Published in final edited form as: Cell Rep. 2023 Apr 18;42(5):112443. doi: 10.1016/j.celrep.2023.112443

Figure 2. Neutralization of Omicron XBB.1.5, CH.1.1, and CA.3.1 subvariants by sera of bivalent or monovalent mRNA vaccinated healthcare workers (HCWs) and BA.4/5 wave infection.

Figure 2.

Neutralizing antibody titers were determined using lentiviral pseudotypes carrying each of the indicated S proteins of the Omicron subvariants. They were compared against BA.4/5 and/or respective parental Omicron subvariants as specified in the text. The cohorts included sera from 14 HCWs that received 3 monovalent doses of mRNA vaccine plus a dose of bivalent mRNA vaccine (n = 14) (A and D), 15 sera from HCWs that only received three doses of monovalent mRNA vaccine (B and E), and 20 sera from BA.4/5-wave SARS-CoV-2-infected first responders and household contacts that tested positive during the BA.4/5 wave of infection in Columbus, Ohio (C and F). Bars represent geometric means with 95% confidence intervals. Geometric mean NT50 values are displayed for each subvariant on the top.
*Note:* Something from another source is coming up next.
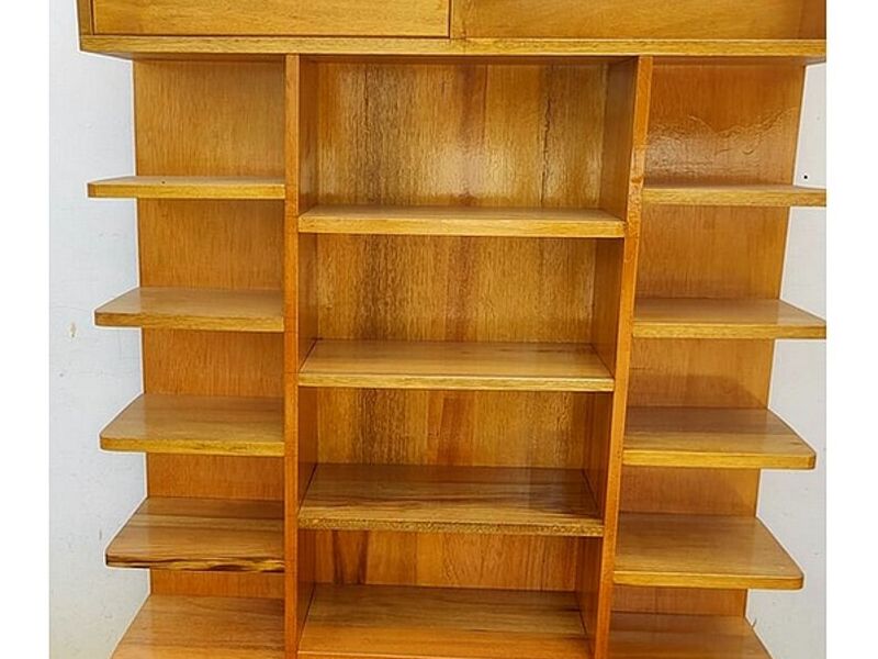 Mueble porta zapatos en madera, acabado natural.

Statistical significance was determined using log10-transformed NT50 values to better approximate normality. Comparisons between multiple groups were made using a one-way ANOVA with Bonferroni post-test. Comparisons between two groups were performed using a paired, two-tailed Student’s t test with Welch’s correction. Dashed lines indicate the threshold of detection (80 for monovalent and bivalent mRNA vaccinees and 40 for BA.4/5 infection cohort). p values are displayed as ns p > 0.05, *p < 0.05, **p < 0.01, ***p < 0.001, ****p < 0.0001. Heatmaps in (D)–(F) depict neutralizing antibody titers by each individual against each Omicron subvariant tested. Asterisk in (D) indicates the individual infected by SARSCoV-2 within 6 months before the sera sample collection, and asterisk in (F) indicates the individuals who had received three doses of mRNA vaccine before infection.